EXERCISE OBJECTIVE: Please output the line containing "A cardigan from" and all lines that follow it in the data below, exactly, with no pictures.

**** DATASET ENTRIES ****

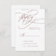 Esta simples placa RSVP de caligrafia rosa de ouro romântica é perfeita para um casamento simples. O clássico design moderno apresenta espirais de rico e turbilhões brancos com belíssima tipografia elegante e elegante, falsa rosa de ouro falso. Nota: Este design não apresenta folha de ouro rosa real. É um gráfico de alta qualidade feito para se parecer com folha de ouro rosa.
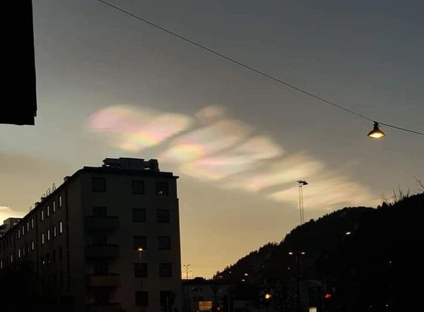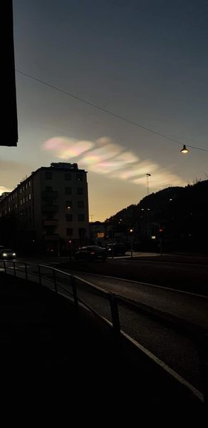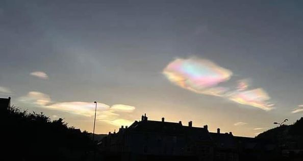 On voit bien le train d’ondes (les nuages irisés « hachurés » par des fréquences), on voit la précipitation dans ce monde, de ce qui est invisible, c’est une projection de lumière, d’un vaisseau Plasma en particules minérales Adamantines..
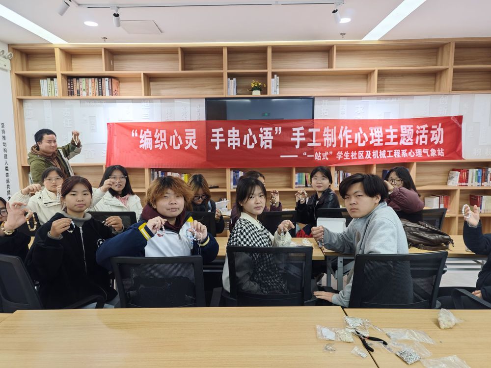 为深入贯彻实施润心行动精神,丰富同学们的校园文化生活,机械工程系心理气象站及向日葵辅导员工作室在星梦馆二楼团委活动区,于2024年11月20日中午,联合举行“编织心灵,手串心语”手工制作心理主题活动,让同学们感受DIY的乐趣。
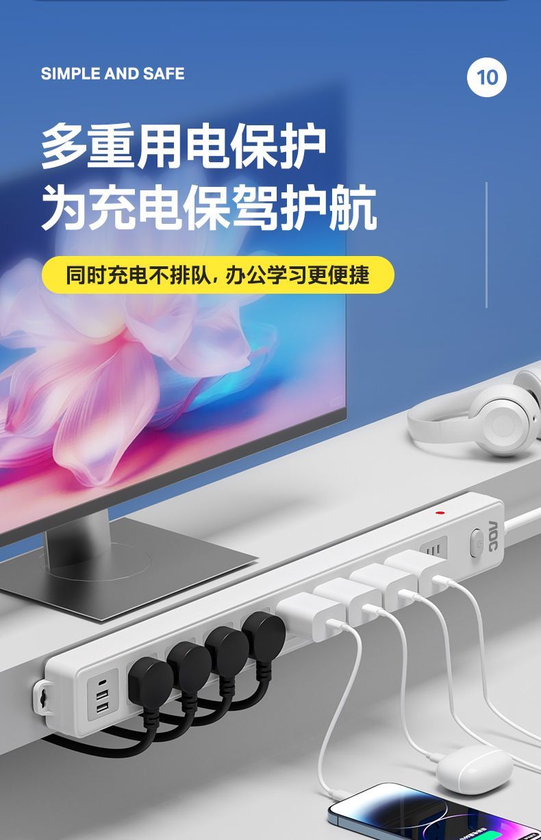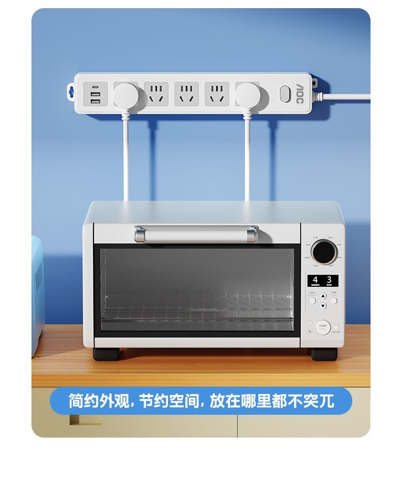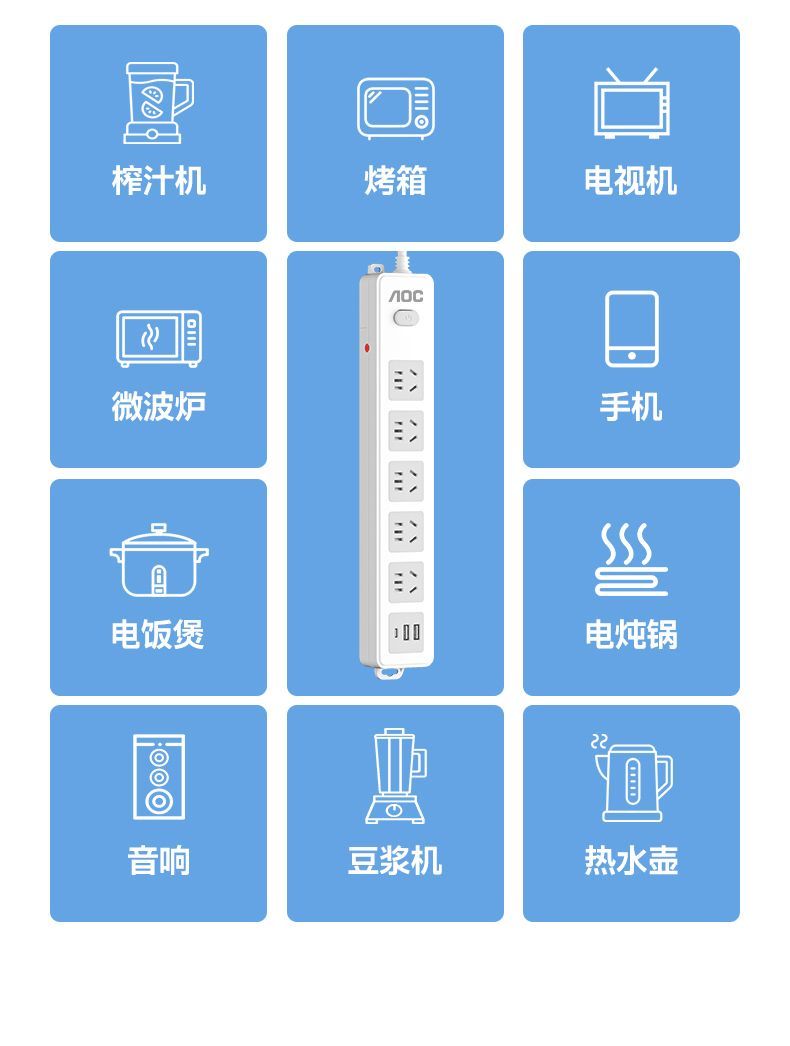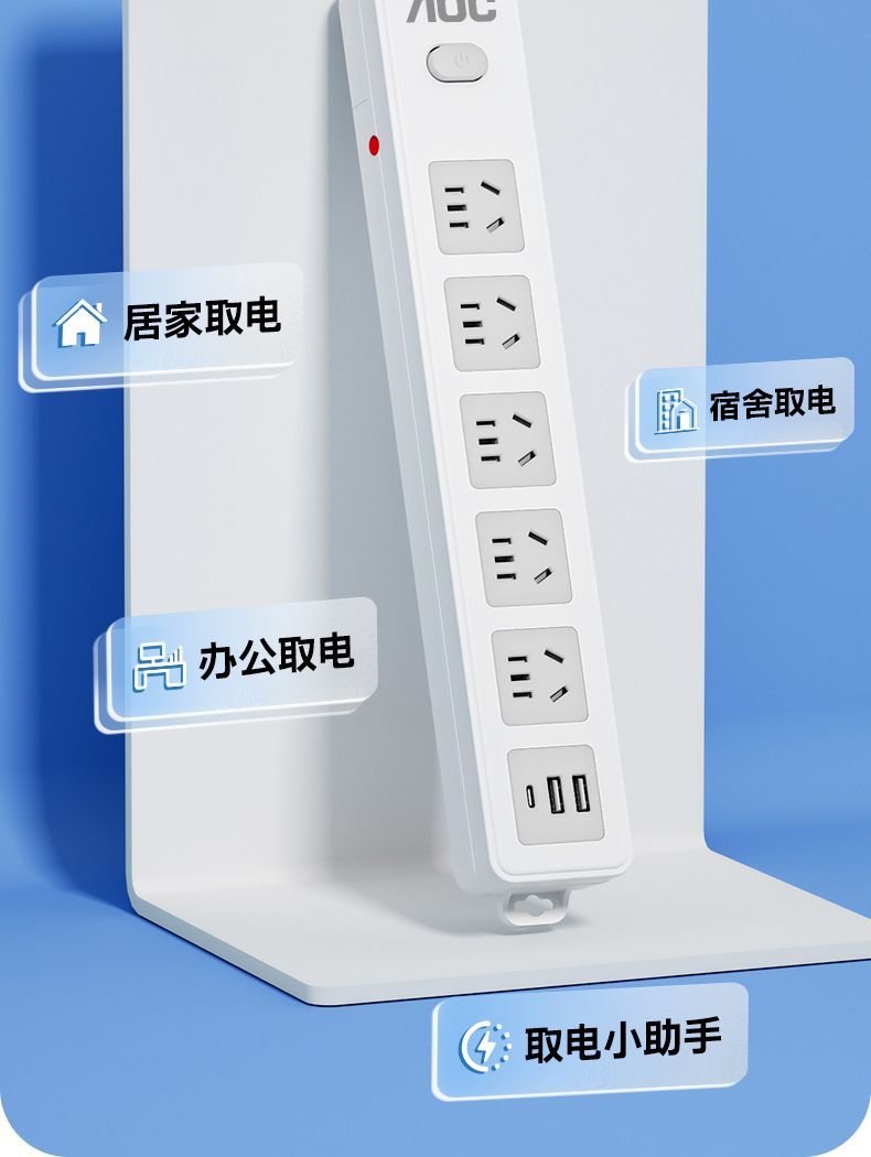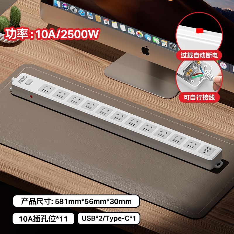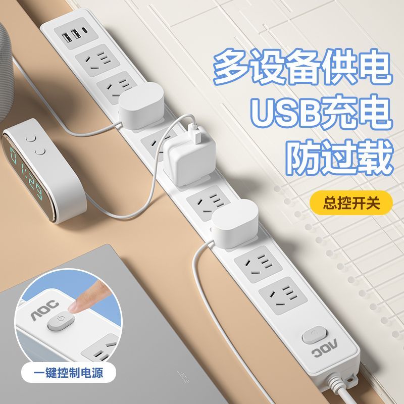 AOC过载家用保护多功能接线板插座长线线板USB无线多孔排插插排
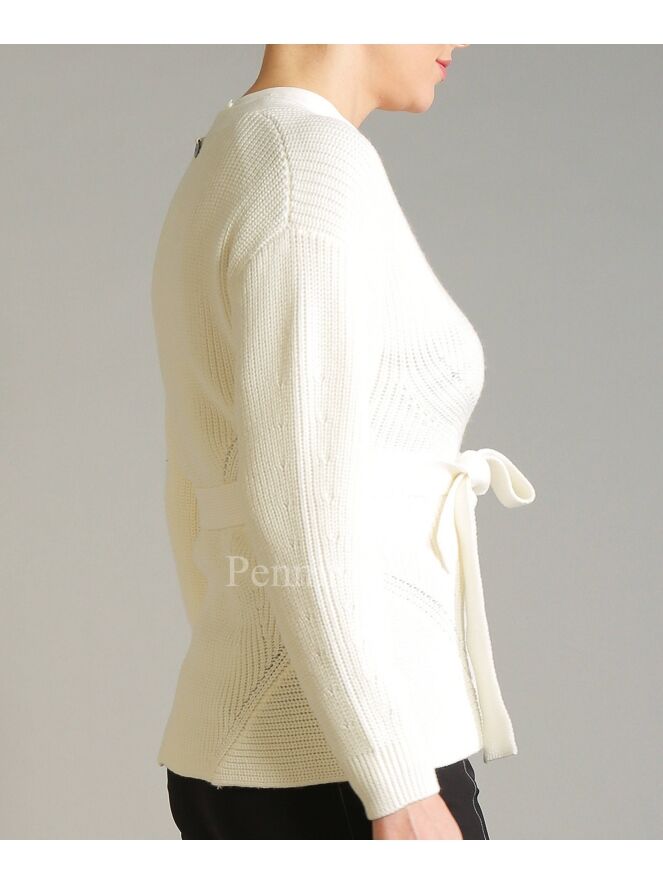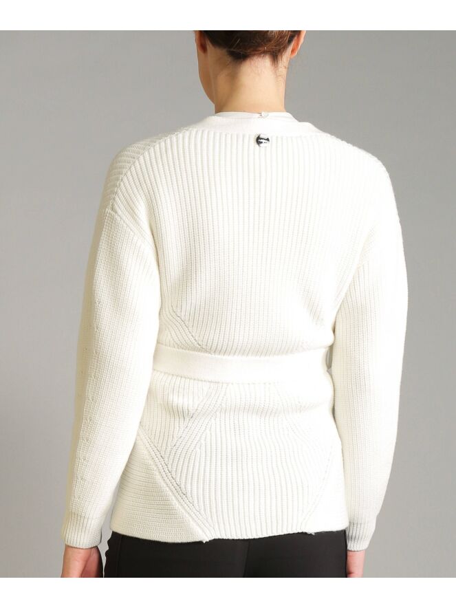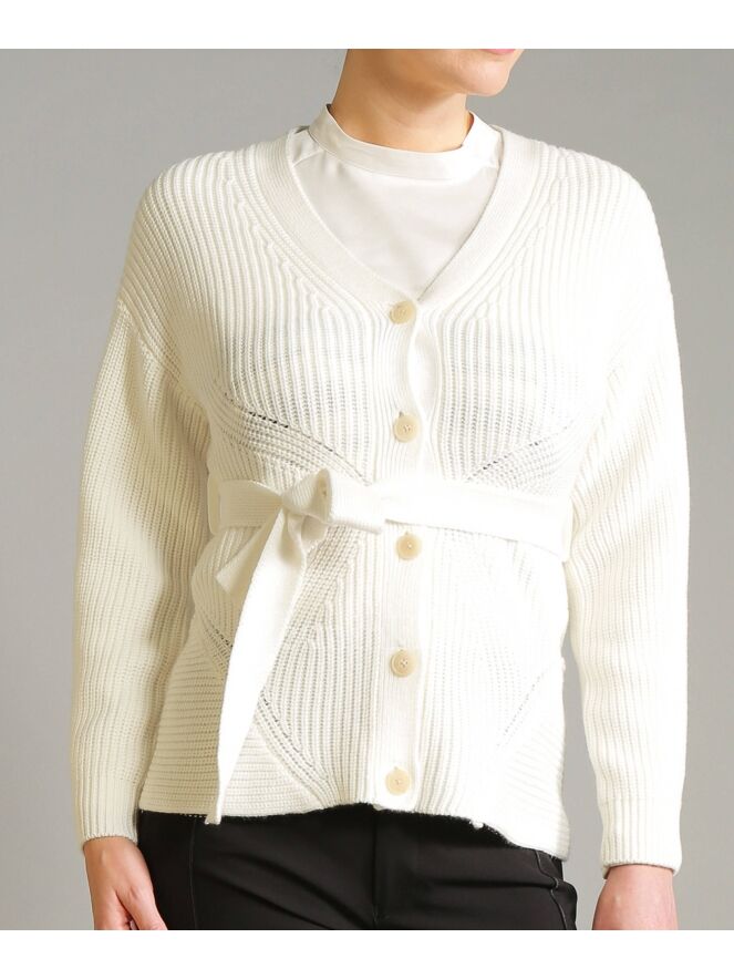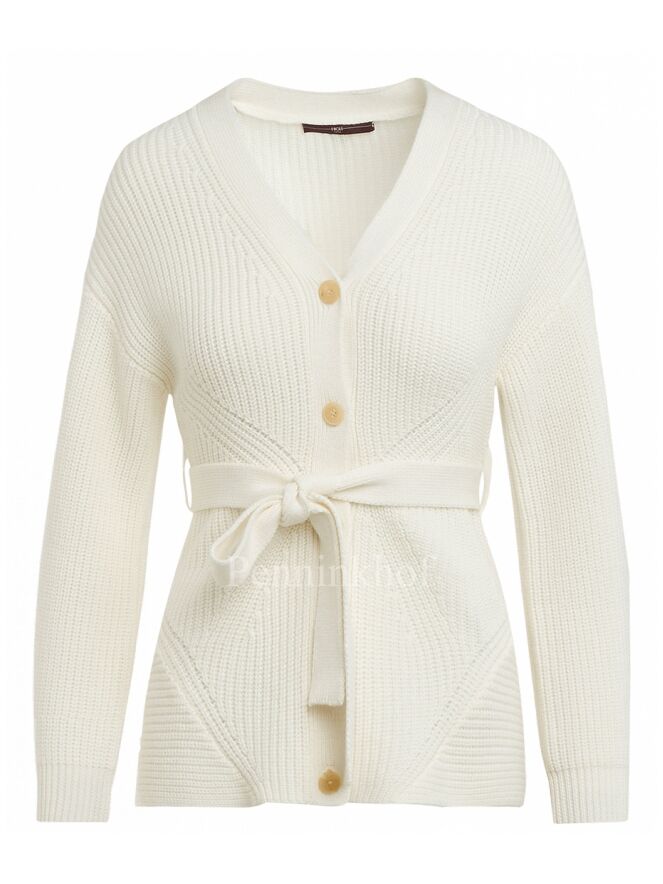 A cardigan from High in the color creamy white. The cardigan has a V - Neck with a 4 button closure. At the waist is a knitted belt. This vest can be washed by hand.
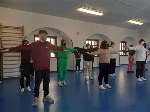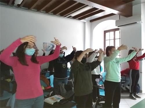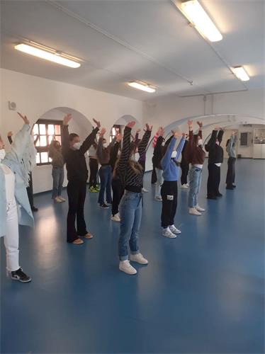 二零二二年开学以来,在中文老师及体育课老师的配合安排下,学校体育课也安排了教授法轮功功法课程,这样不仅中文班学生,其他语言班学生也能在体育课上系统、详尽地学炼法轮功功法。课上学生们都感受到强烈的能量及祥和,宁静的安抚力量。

****

FINAL ANSWER:
 A cardigan from High in the color creamy white. The cardigan has a V - Neck with a 4 button closure. At the waist is a knitted belt. This vest can be washed by hand.
 二零二二年开学以来,在中文老师及体育课老师的配合安排下,学校体育课也安排了教授法轮功功法课程,这样不仅中文班学生,其他语言班学生也能在体育课上系统、详尽地学炼法轮功功法。课上学生们都感受到强烈的能量及祥和,宁静的安抚力量。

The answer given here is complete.